Человек выходит на пустую сцену. За его спиной — кирпичная стена, пахнущая сырой штукатуркой и старым бархатом. Перед ним — черная бездна зрительного зала, где, кажется, даже воздух замер в ожидании чуда или провала. Этот человек — не актер в привычном понимании. Он — исследователь. Его тело — лаборатория, его нервная система — тончайший инструмент, а текст роли — карта неведомой земли, которую предстоит открыть заново. Именно так, с чистого листа, с «забытого» профессионализма, начинается подлинное постижение того, что мы называем Системой. И именно с этого должна начинаться любая серьезная попытка осмыслить наследие Константина Сергеевича Станиславского не как музейный экспонат, а как живой, пульсирующий организм, способный ответить на вызовы нашего растерянного, клипового, разобщенного мира.

Мы привыкли относиться к Системе как к сборнику упражнений, как к техническому регламенту, обеспечивающему бесперебойную работу актерского механизма. «Расслабьте мышцы», «идите от задачи», «общайтесь с партнером» — этот ритуальный шепот звучит в театральных институтах из года в год, превращаясь в заклинание, смысл которого давно выветрился. Но что, если Система — это не набор инструментов, а способ мышления? Что, если это не технология производства зрелища, а глубочайшая философская антропология, учение о том, как человек может стать живым в пространстве тотальной симуляции?

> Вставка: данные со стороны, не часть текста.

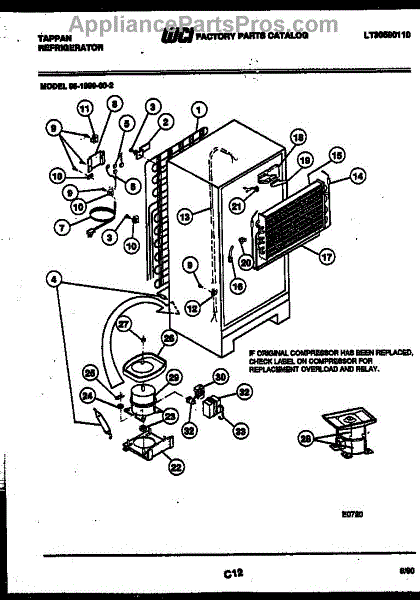 This is a compressor used in several types of home appliances. The compressor is designed to take cold gas in the appliance and place it under pressure so the gas raises in temperature. It is then moved through the refrigerator system to ensure the unit stays cold throughout the appliance. This part can become damaged or malfunction, which may cause the motor to stop running, make the motor noisier, or cause the motor to never stop running.If this happens, the compressor will need to be replaced. A basic set of tools will be needed. A pair of work gloves can also be useful. First, locate the compressor as it may be in various locations depending on the appliance model. Unplug the appliance before removing the compressor. Install the new compressor using the original bolts and nuts before turning the power back on and resuming normal use.This part is sold on an individual basis. The compressor is made to be used with refrigerators, ranges, stoves, ovens, air conditioners, and freezers created by Gibson, Frigidaire, Kelvinator, Montgomery Wards, Westinghouse, Tappan, JCPenney, Universal, and Kenmore. It is an authentic OEM replacement part directly sourced from the manufacturer.
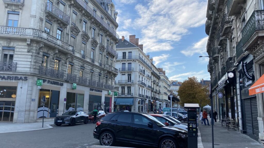 Bien qu’il s’agisse avant tout d’un lieu de passage, l’endroit offre de nombreuses raisons de s’y attarder. On y trouve plusieurs commerces, dont un magasin bio et une boulangerie bordée de larges trottoirs. Ces espaces généreux invitent à s’arrêter un moment pour profiter de l’animation du carrefour. La lumière y est omniprésente : les façades claires et les trottoirs pâles renvoient les rayons du jour et baignent la scène d’une luminosité douce.
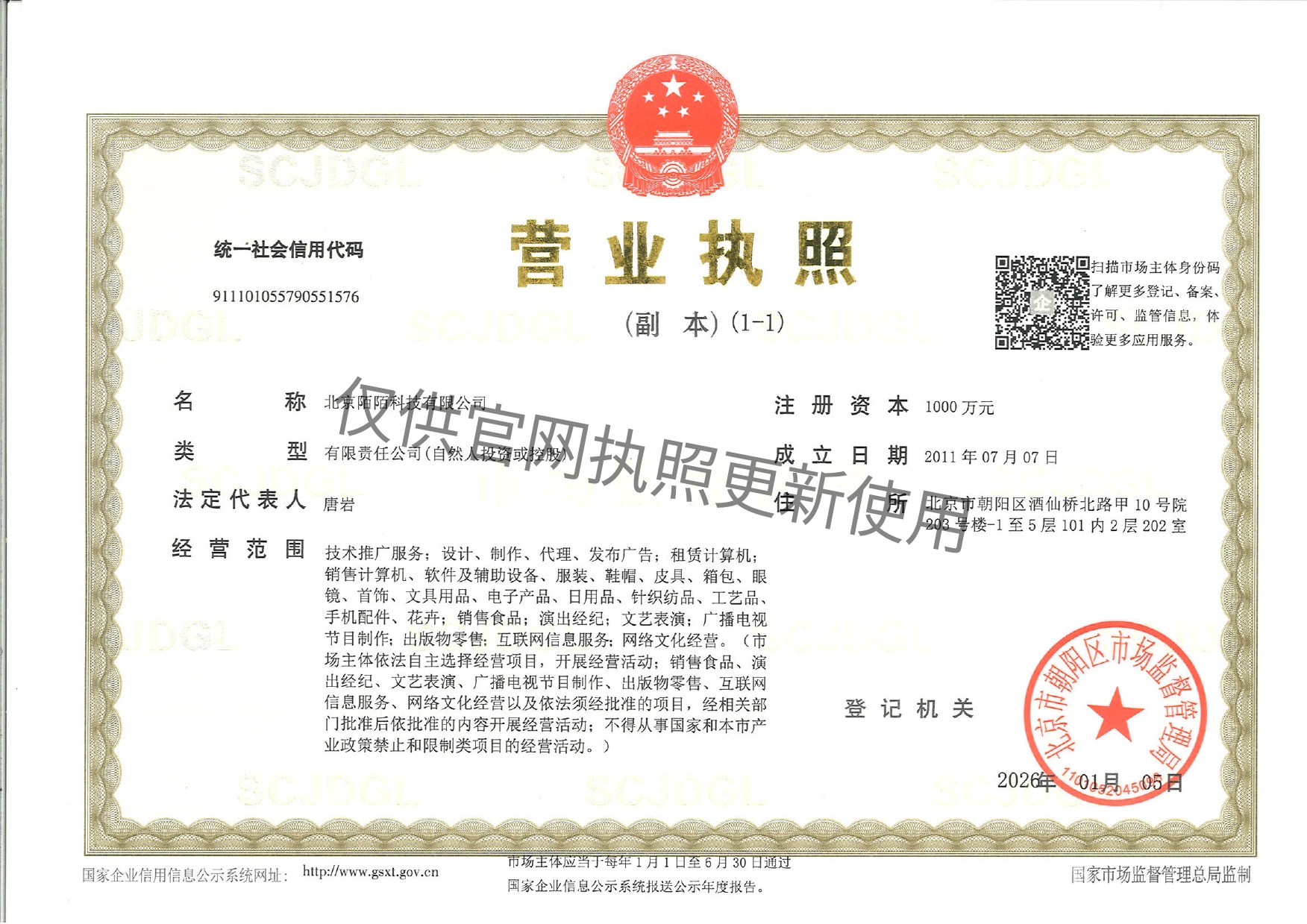 营业执照: 911101055790551576
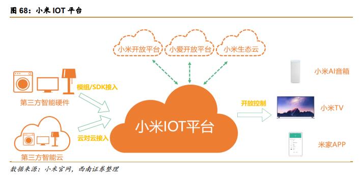 小米则在智能手机业务取得巨大成功拥有客流量后,将智能硬件的触角延伸至更多领域,借助生态链投资模式打开了 IOT 时代的万物互联之门,也打开了小米成千上万的硬件流量入口从而吸引消费者拉动营业收入,刺激更多供应商提供物联网商品。
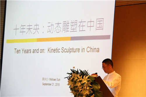 On the afternoon of 21th Sep 2015, artists, scholars and artists worked in the relevant filed hold a seminar with a theme of "background, teaching and practice of china dynamic sculpture", Doc Sun Zhenhua was served as a host for the seminar.  Li Duozhuang, the executive director for China Region of International Dynamic Art Organization. Zhao Jingshan, associate professor of mechanical engineering department ofTsinghuaUniversity. Shi Danqing, professor of Department of Information Art & Design ofTsinghuaUniversity. Chen Hui, associate professor of sculpture department ofAcademyofArtand Design of Tsinghua University. Tangjie, sculptors from sculpture department of LuXun Academy of Fine Arts, Dengyue, professor of the department of arts of Southwest Jiaotong University. They were invited to attend to the seminar. Luo Xiaoping, professor fromcollegeofFine Art,ShanghaiUniversitymade a speech on the current situation of subject, of the instruction and of artistic creation, with audiences and viewers involved in, the atmosphere in the seminar was extremely warm.
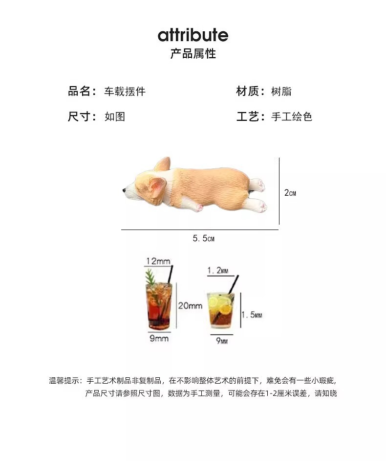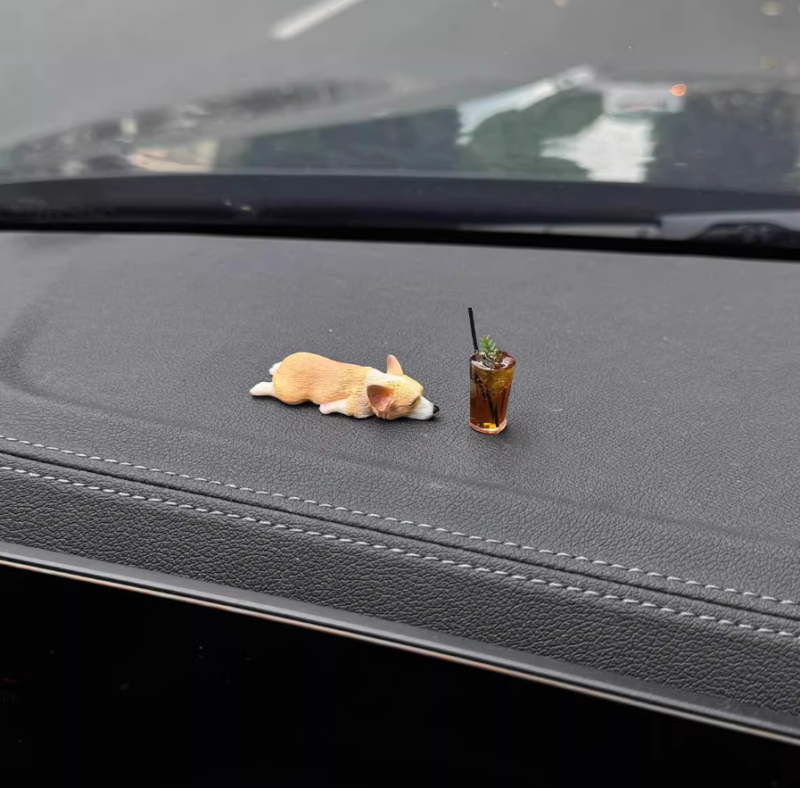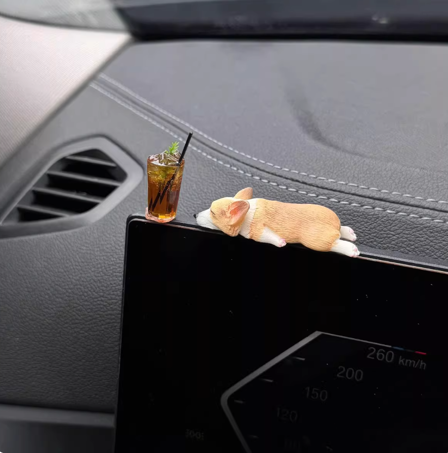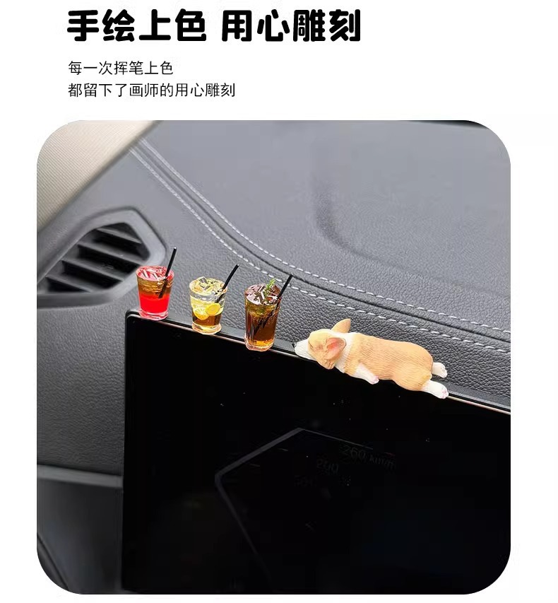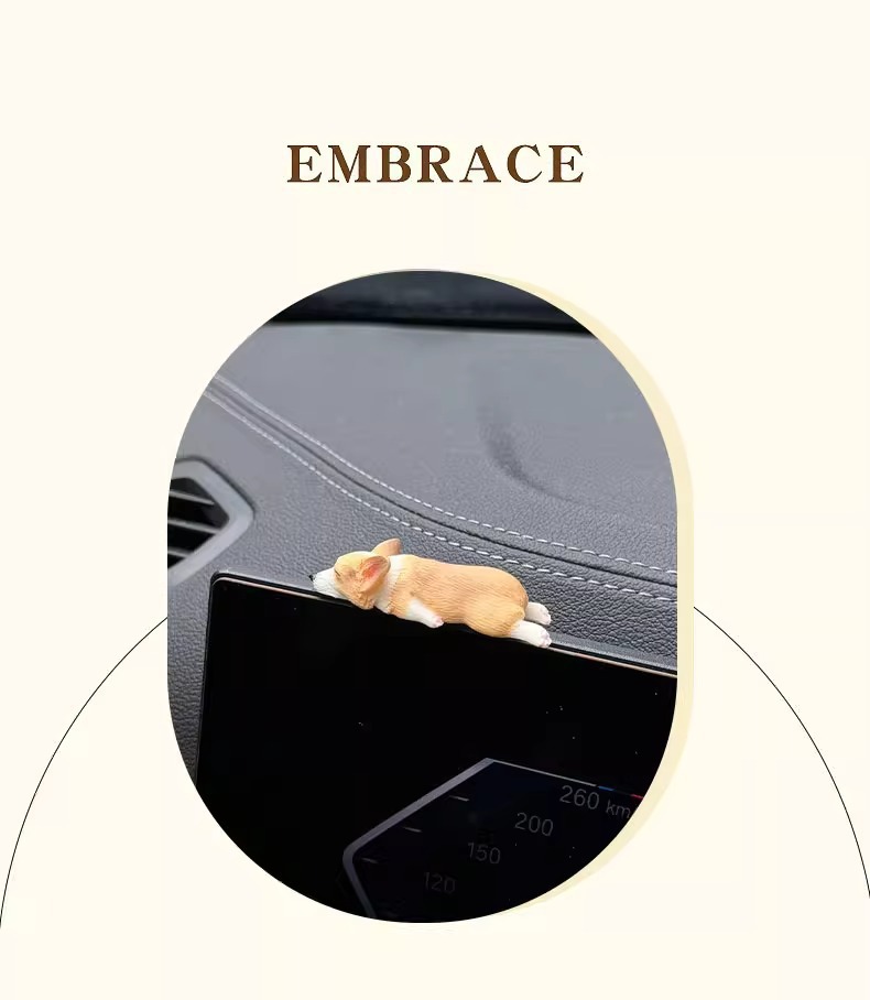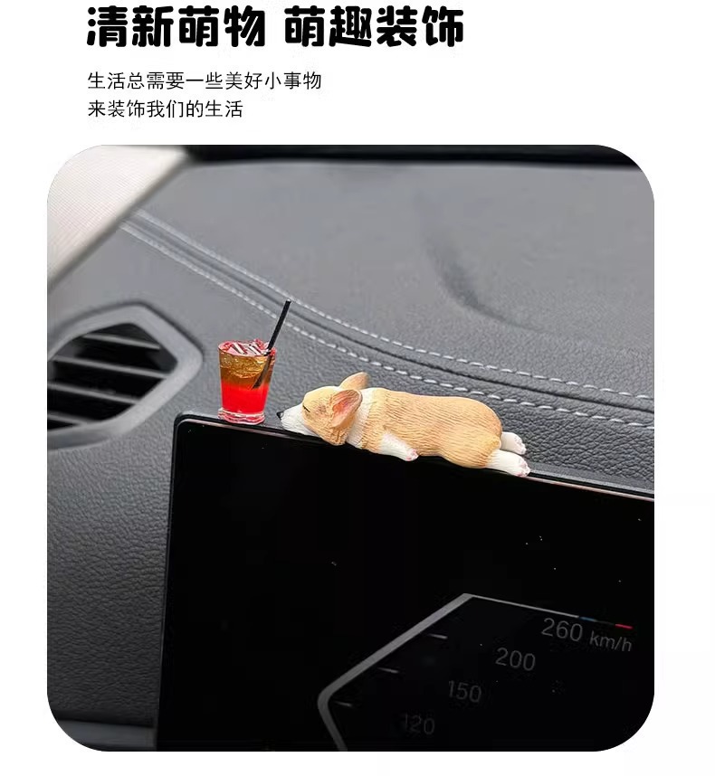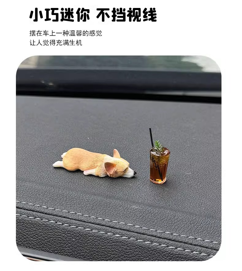 迷你睡姿柯基汽车摆件创意车内中控台装饰品仿真可爱树脂小狗

Взглянем на сегодняшний день. Мы существуем в мире, который Жан Бодрийяр назвал бы гиперреальностью. Наши жесты отработаны фильтрами социальных сетей, наши эмоции отформатированы шаблонами голливудских блокбастеров, а интимные признания ставятся на поток в режиме прямых эфиров. Современный человек играет всегда. Он играет успешность, играет беззаботность в сторис, играет глубокомыслие. Мы стали виртуозами самопрезентации, но при этом почти полностью утратили связь с собственной органикой. На этом фоне призыв Станиславского к «жизни человеческого духа на сцене» звучит не как эстетический манифест, а как рецепт выживания.

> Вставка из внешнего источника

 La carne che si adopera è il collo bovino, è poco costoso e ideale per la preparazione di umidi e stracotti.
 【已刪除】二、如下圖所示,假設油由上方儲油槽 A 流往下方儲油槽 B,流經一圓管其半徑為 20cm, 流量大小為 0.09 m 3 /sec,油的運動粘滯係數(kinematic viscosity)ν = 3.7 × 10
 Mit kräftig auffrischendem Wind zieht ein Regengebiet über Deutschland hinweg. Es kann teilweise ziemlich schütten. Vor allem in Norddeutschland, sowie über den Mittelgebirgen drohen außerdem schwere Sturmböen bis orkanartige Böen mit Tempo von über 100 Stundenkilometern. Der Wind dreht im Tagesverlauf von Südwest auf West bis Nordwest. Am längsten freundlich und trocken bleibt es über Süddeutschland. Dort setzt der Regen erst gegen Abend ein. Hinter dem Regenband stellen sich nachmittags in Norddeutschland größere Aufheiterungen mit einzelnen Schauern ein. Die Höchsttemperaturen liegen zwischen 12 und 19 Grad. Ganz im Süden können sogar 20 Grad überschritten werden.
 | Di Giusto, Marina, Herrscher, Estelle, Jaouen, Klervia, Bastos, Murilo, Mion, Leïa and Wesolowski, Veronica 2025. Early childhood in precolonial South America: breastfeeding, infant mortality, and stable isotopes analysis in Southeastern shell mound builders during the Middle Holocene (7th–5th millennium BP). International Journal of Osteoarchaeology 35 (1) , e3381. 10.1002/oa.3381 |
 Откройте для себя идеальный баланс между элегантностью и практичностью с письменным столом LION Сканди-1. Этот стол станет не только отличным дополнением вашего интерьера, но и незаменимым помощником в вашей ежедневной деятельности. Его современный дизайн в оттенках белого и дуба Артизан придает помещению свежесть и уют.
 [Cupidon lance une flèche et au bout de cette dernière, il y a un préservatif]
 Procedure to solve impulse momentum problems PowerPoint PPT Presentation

Ведь что значит быть живым? В понимании Системы это не значит быть громким, экспрессивным или эмоционально распущенным. Это значит — воспринимать. Воспринимать здесь и сейчас партнера, акустику зала, дрожь воздуха, собственное сердцебиение. Это способность к непрерывному, спонтанному взаимодействию с обстоятельствами. В эпоху, когда наш взгляд прикован к экранам смартфонов, развитие такого сенсорного, органического внимания становится радикальным актом. Михаил Чехов, гениальный ученик Станиславского, говорил о «психологическом жесте» — о некой энергетической сути действия, которая предшествует слову и движению. Если Станиславский шел к духу через физику тела, то Чехов прорывался к телу через дух образа. Но оба они искали ту точку целостности, где исчезает разрыв между «я хочу» и «я делаю», где исчезает ложь.

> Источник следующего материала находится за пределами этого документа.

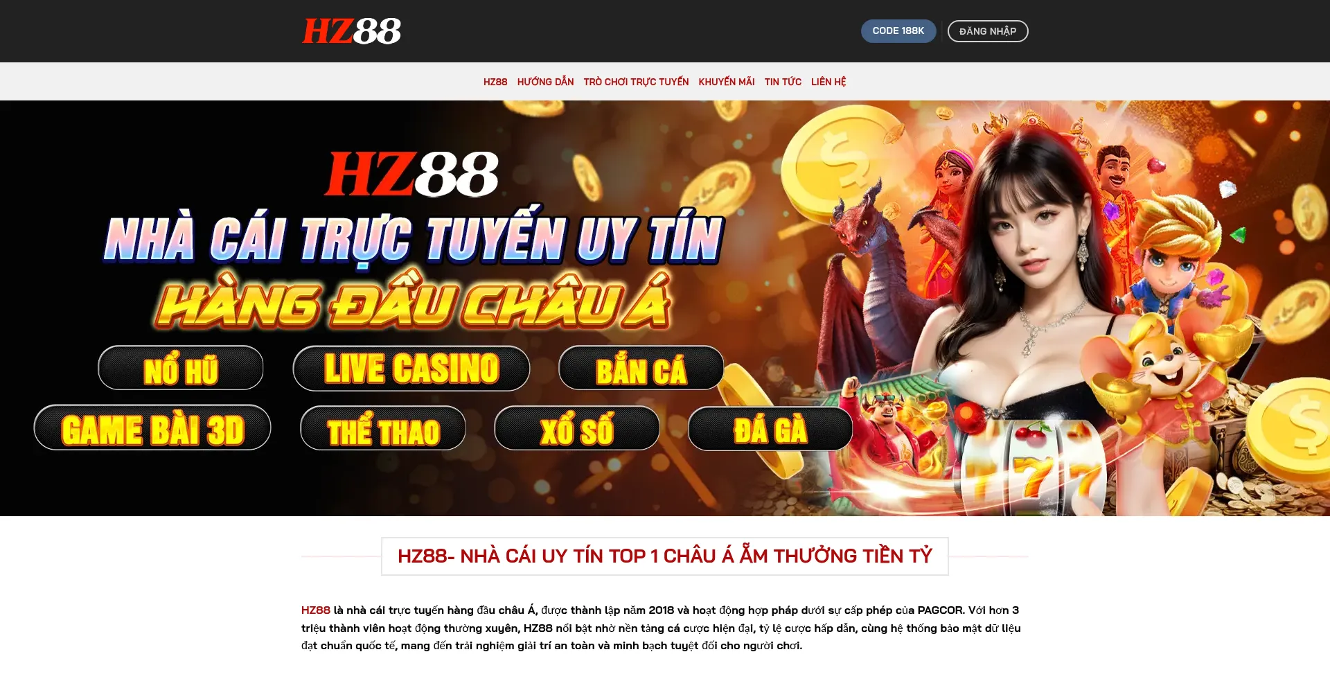 HZ88 lĂ  nhĂ  cĂĄi trá»±c tuyáșżn hĂ ng đáș§u chĂąu Á, Ä‘Æ°á»Łc thĂ nh láș­p năm 2018 vĂ  hoáșĄt động hợp phĂĄp dưới sá»± cáș„p phĂ©p cá»§a PAGCOR. Với hÆĄn 3 triïżœ...
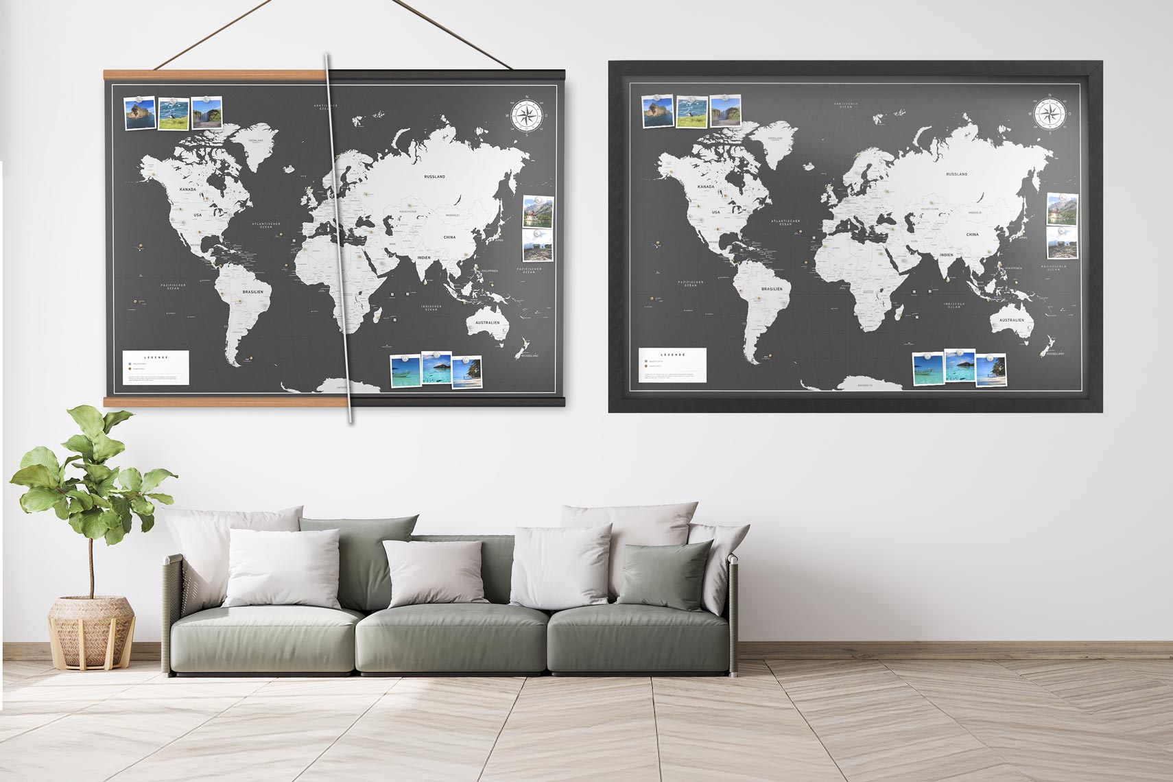 So kannst du deine Weltkarte ganz einfach aufhängen! Wähle "Die Leiste" oder "Der Rahmen".

Ложь — вот главный враг Системы. Не плохая игра, не недостаток техники, а именно ложь, которую актер транслирует в зал. Станиславский, будучи человеком до болезненности честным, обладал абсолютным, почти животным чутьем на фальшь. Он ненавидел театральщину не потому, что не любил яркую форму, а потому, что за наигранным пафосом видел отсутствие подлинного чувства. Сегодня мы окружены такой ложью, которая Станиславскому и не снилась. Ложью, прошедшей через нейросети и политические технологии. И когда актер выходит на сцену с «поставленным голосом» и «отработанной пластикой», но с мертвыми глазами, он продолжает это вселенское вранье. Он не создает жизнь, он лишь дублирует пустоту.

Поэтому переосмысление Системы в XXI веке невозможно без обращения к тому, о чем часто забывают, говоря о Станиславском, — к этике. Этика для него была не сводом правил поведения за кулисами, а фундаментом творчества. «Научитесь любить искусство в себе, а не себя в искусстве», — эта фраза затерта до дыр, но ее смысл ускользает. В контексте современного нарциссизма, когда актерская профессия часто становится лишь трамплином для личного бренда, эта максима приобретает характер религиозной заповеди. Речь идет о децентрации «я». О выходе за пределы собственного эго. Актер-творец, по Станиславскому, это не тот, кто демонстрирует себя, а тот, кто жертвенно отдает себя роли, становясь проводником какой-то высшей художественной правды. В этом смысле Система смыкается с идеями Карла Густава Юнга о коллективном бессознательном. Когда актер проживает роль Гамлета или короля Лира, он прикасается к архетипам, живущим в психике каждого зрителя. Он не просто рассказывает историю принца датского, он актуализирует в нас самих извечный конфликт долга, мести и безумия.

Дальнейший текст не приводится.